Вон она, вон – средь ящиков и тюков
Прятки затеяла, вон, коленку о рым
Раскровянив, застыла… Кто я таков,
Чтобы мнить ее Эдемом своим —
Дескать, раз потерявши, вновь обрету?

У. Б. Йейтс
Я ОТКРЫЛА ГЛАЗА НАВСТРЕЧУ красноватому сумраку, мое сознание встретили пляской неясные тени. Понятно: камин, в нем дрова горят. Настоящее, живое пламя. С характерным щелчком раскололось полено, взметнув целый сноп ослепительных искр, заставив меня подскочить, и снова упасть навзничь, и вскрикнуть от боли в боку. Ибо щелчок звучал почти как выстрел, даром что я не знала, воспоминанием он является или некоей точкой, верхушкой спирали, от которой пойдет раскручиваться очередная история. Само же ощущение было не в новинку. В голове моей теснились образы и сюжеты; неудивительно, что порой сознание выстреливало персонажем, а то и целой сценой, причем, как правило, происходило это во сне.

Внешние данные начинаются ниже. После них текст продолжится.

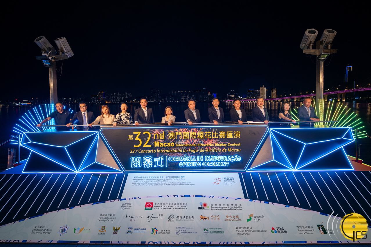Cerimónia de abertura do Arraial do Fogo-de-Artifício “Celebração do 75.º Aniversário da Fundação da República Popular da China e do 25.º Aniversário do Regresso de Macau à Pátria - 32.° Concurso Internacional de Fogo-de-Artifício de Macau”.

Итак, в меня стреляли. Я тонула в озере. Меня спас молодой симпатичный мужчина, откуда-то знающий мое имя. Я нахожусь в комнате, похожей на номер в слайговском отеле. Правда, там ковролин, а здесь по дощатому полу расстелены яркие, приятные глазу дорожки. Здесь бумажные обои не столь настырно лиловы; здесь окна завешены кружевными белыми шторами, а не тяжеловесными гардинами, благодаря которым постоялец может дрыхнуть хоть целый день – солнце не помешает. Далее, по обеим сторонам кровати стоят столики, на каждом – лампа с вязаным абажуром; чтобы абажур плотнее сидел, к нему пришиты стеклянные бусины. Теперь вопрос: насколько серьезно мое ранение? Я вдохнула поглубже и пощупала повязку на правом боку. Боли почти не чувствовалось, но лишь до тех пор, пока я сохраняла горизонтальное положение. Чуть шевельнешься, попытаешься повернуться – рана пульсирует, горит. Впрочем, рана явно не фатальная. Слава богу, пуля не в живот угодила. Обо мне позаботились. Повязка плотная, сама я чистая, волосы высушены, в постели тепло и уютно. Правда, под одеялом я совершенно голая. И не представляю, что это за комната, чей это дом.
– Ты снова уходишь, да?
Я вздрогнула. Вот не думала, что в комнате кто-то есть. Ребенок, судя по голосу. Действительно, детская мордашка маячила сквозь медные столбики изножья старомодной кровати.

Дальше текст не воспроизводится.